I fail to see how Christian practices and beliefs would have diminished on the grounds that democratic institutions were gaining ground. They have certainly decreased, at least in France, but if they have done so, it is certainly not in the context of a competition with the values and customs of the Republic. The reason for this relative decline of Christianity, more particularly Catholicism, is to be found in the obsolete side of its beliefs and practices. After having been in the spotlight for two thousand years, not without the support of force, to the extent that the Church burned heretics, they are simply going out of fashion.

In the end, what has changed with the secular Republic is not that a new official cult has tried to supplant Catholic worship, but that religious affairs have been relegated to the private sphere. This was not the case before. Let us not forget that the Catholic Church has persecuted the Protestant community from which I come. Even if religion now belongs to the intimate sphere, and no longer to the political sphere, the religious beliefs of Catholic citizens have of course an impact on their electoral preferences and on their positions about a given subject in society or a given draft law.

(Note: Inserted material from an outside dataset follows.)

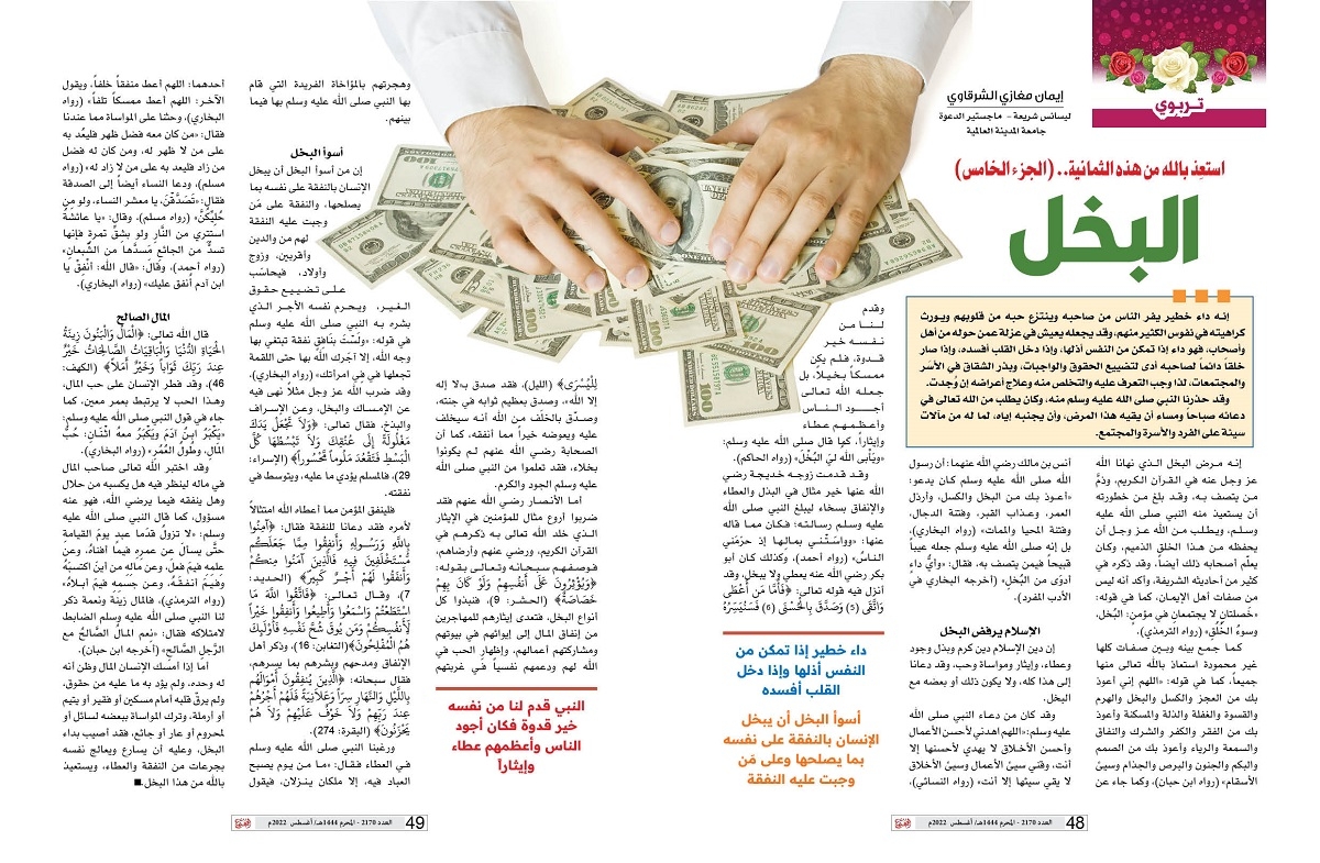 إنه مرض البخل الذي نهانا الله عز وجل عنه في القرآن الكريم، وذمَّ من يتصف به، وقد بلغ من خطورته أن يستعيذ منه النبي صلى الله عليه وسلم، ويطلب من الله عز وجل أن يحفظه من هذا الخلق الذميم، وكان يعلّم أصحابه ذلك أيضاً، وقد ذكره في كثير من أحاديثه الشريفة، وأكد أنه ليس من صفات أهل الإيمان، كما في قوله: «خَصلتانِ لا يجتمعانِ في مؤمنٍ: البُخل، وسوءُ الخُلُقِ» (رواه الترمذي).

As evidenced by a recent survey, relayed last week by an article in Le Monde, it is however a biased perception that every Catholic is opposed to marriage for all or to surrogacy. In reality, there are multiple scenarios among Catholic voters. A number of them are politically right-wing, when it comes to the economy, and yet sensitive to left-wing concerns about so-called social issues. I think, therefore, that we have to take a step back from the overly obvious prejudices that we leftwing men commonly share about Catholics.

GC: Thank you for your time. Would you like to add a few words?

PB: You did well to request this interview. Now I would like it if you tell me about yourself.